What you need to do:
Word for word, give the records again, dropping any picture they hold.

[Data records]
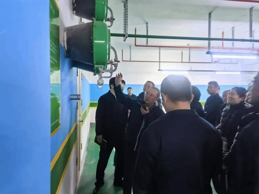 在总部地下车库负二层的人防区域,现场为参训学员先容主要收支口与次要收支口的安排、人防门装置注重事项、滤毒室与除尘室里的装备要点等。
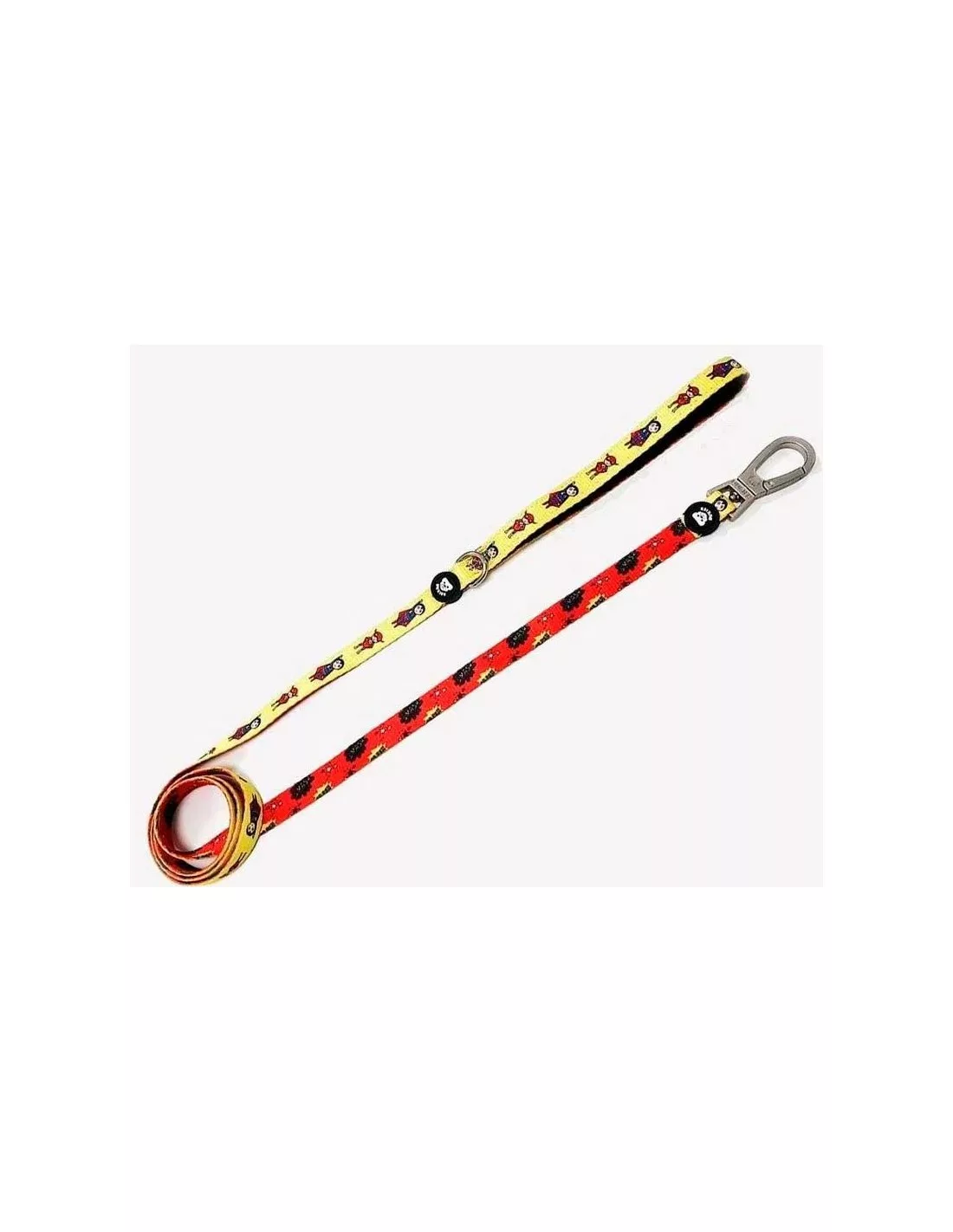 SuperDog, el perro de acero. Esta correa es súper fuerte. El mosquetón que incluye es duro de roer, tu perro no se escapará ni aunque quiera. Con diseños chulis a cada lado para que seáis la envidia del parque. Esta correa tampoco se olvida de ti, y hemos cubierto el asa con neopreno acolchado para que no te hagas daño.
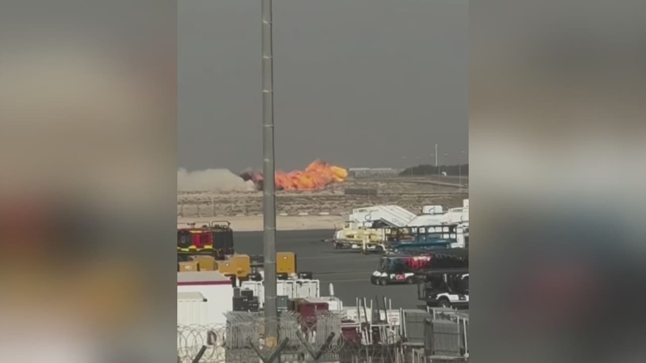 Un avión de combate de la Fuerza Aérea de India se estrelló durante una exhibición aérea en el Aeropuerto Internacional de Dubái, causando la muerte del piloto. El fuerte impacto provocó una gran bola de fuego.
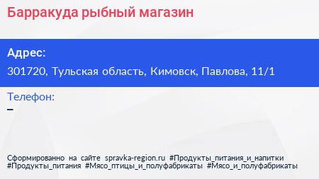 Барракуда, рыбный магазин по адресу 301720, Тульская область, Кимовск, Павлова, 11/1 в дальнейшем Организация, размещена в следующих категориях:
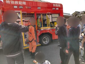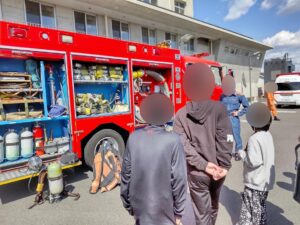 消防署の方も優しく答えてくれ、子ども達も嬉しそうでした。
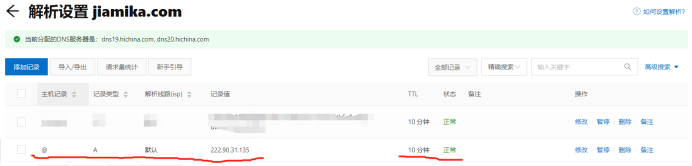 10、在阿里云域名界面添加一条解析,其中的记录值可以添加现在对应的动态公网ip地址
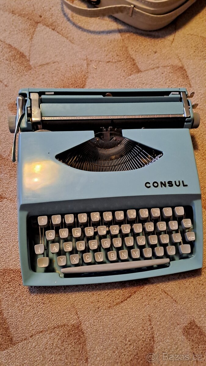 starožitný kufříkový psací stroj Consul, v dobrém stavu s kufříkem.
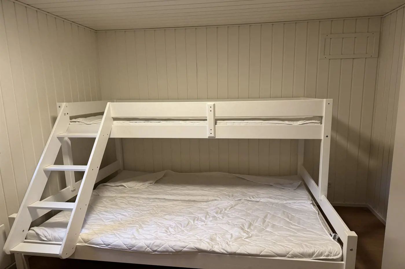 Die Schlafplätze verteilen sich auf 2 Schlafräume. 2 Schlafplätze in einem Doppelbett. 3 Schlafplätze in Etagenbetten. 2 Schlafplätze auf einer Doppelschlafcouch. 2 von diesen Schlafplätzen befinden sich im Wohnzimmer. Ferner steht ein Kinderbett zur Verfügung.
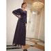 V neck Long Sleeve High Waist Lace up Velvet Elegant Dress
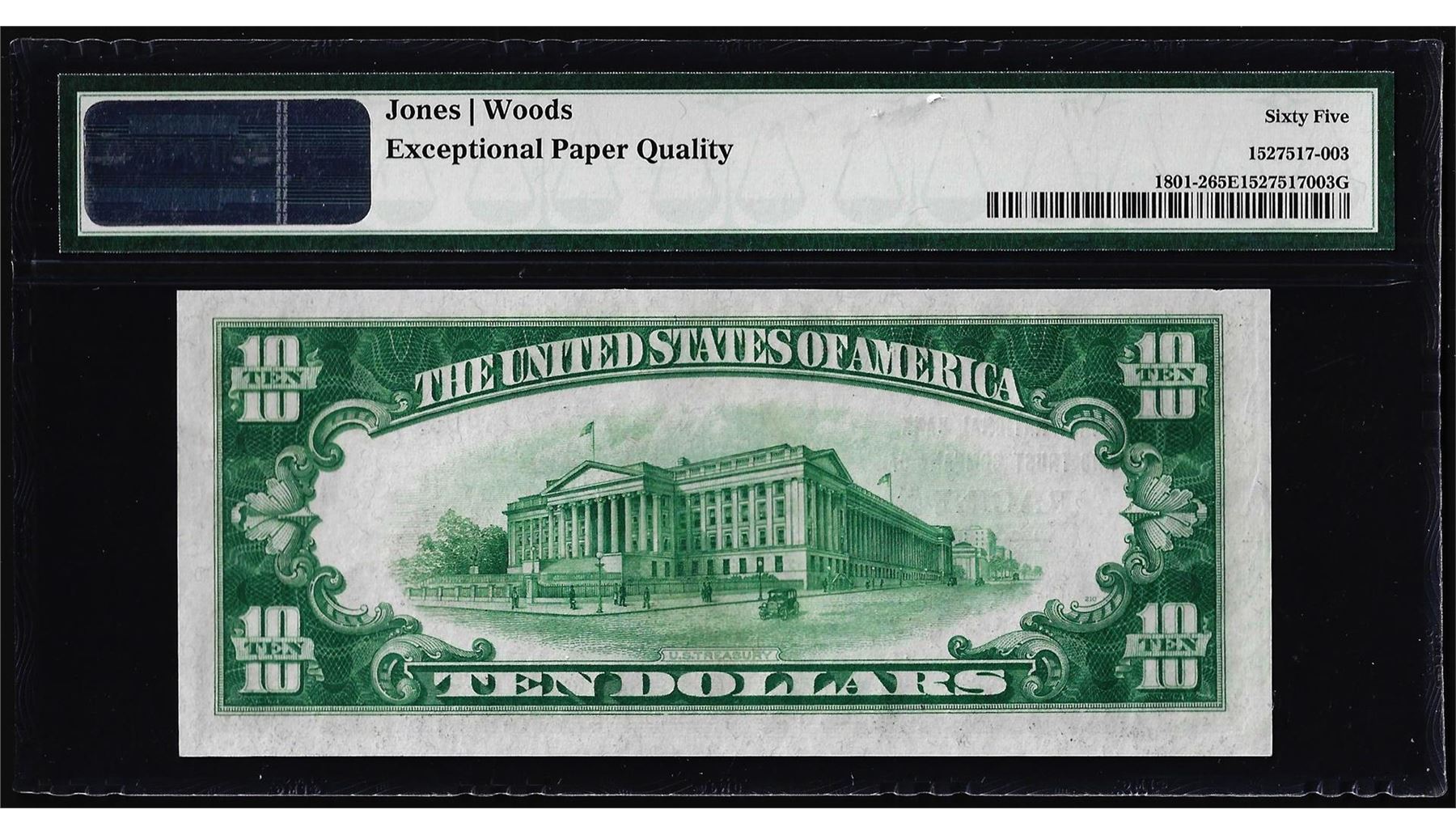One 1929 $10 First NB & Trust Racine, WI CH# 457 National Currency Note PMG Gem Unc. 65EPQ. PMG Certified.

Task answer:
 在总部地下车库负二层的人防区域,现场为参训学员先容主要收支口与次要收支口的安排、人防门装置注重事项、滤毒室与除尘室里的装备要点等。
 SuperDog, el perro de acero. Esta correa es súper fuerte. El mosquetón que incluye es duro de roer, tu perro no se escapará ni aunque quiera. Con diseños chulis a cada lado para que seáis la envidia del parque. Esta correa tampoco se olvida de ti, y hemos cubierto el asa con neopreno acolchado para que no te hagas daño.
 Un avión de combate de la Fuerza Aérea de India se estrelló durante una exhibición aérea en el Aeropuerto Internacional de Dubái, causando la muerte del piloto. El fuerte impacto provocó una gran bola de fuego.
 Барракуда, рыбный магазин по адресу 301720, Тульская область, Кимовск, Павлова, 11/1 в дальнейшем Организация, размещена в следующих категориях:
 消防署の方も優しく答えてくれ、子ども達も嬉しそうでした。
 10、在阿里云域名界面添加一条解析,其中的记录值可以添加现在对应的动态公网ip地址
 starožitný kufříkový psací stroj Consul, v dobrém stavu s kufříkem.
 Die Schlafplätze verteilen sich auf 2 Schlafräume. 2 Schlafplätze in einem Doppelbett. 3 Schlafplätze in Etagenbetten. 2 Schlafplätze auf einer Doppelschlafcouch. 2 von diesen Schlafplätzen befinden sich im Wohnzimmer. Ferner steht ein Kinderbett zur Verfügung.
 V neck Long Sleeve High Waist Lace up Velvet Elegant Dress
One 1929 $10 First NB & Trust Racine, WI CH# 457 National Currency Note PMG Gem Unc. 65EPQ. PMG Certified.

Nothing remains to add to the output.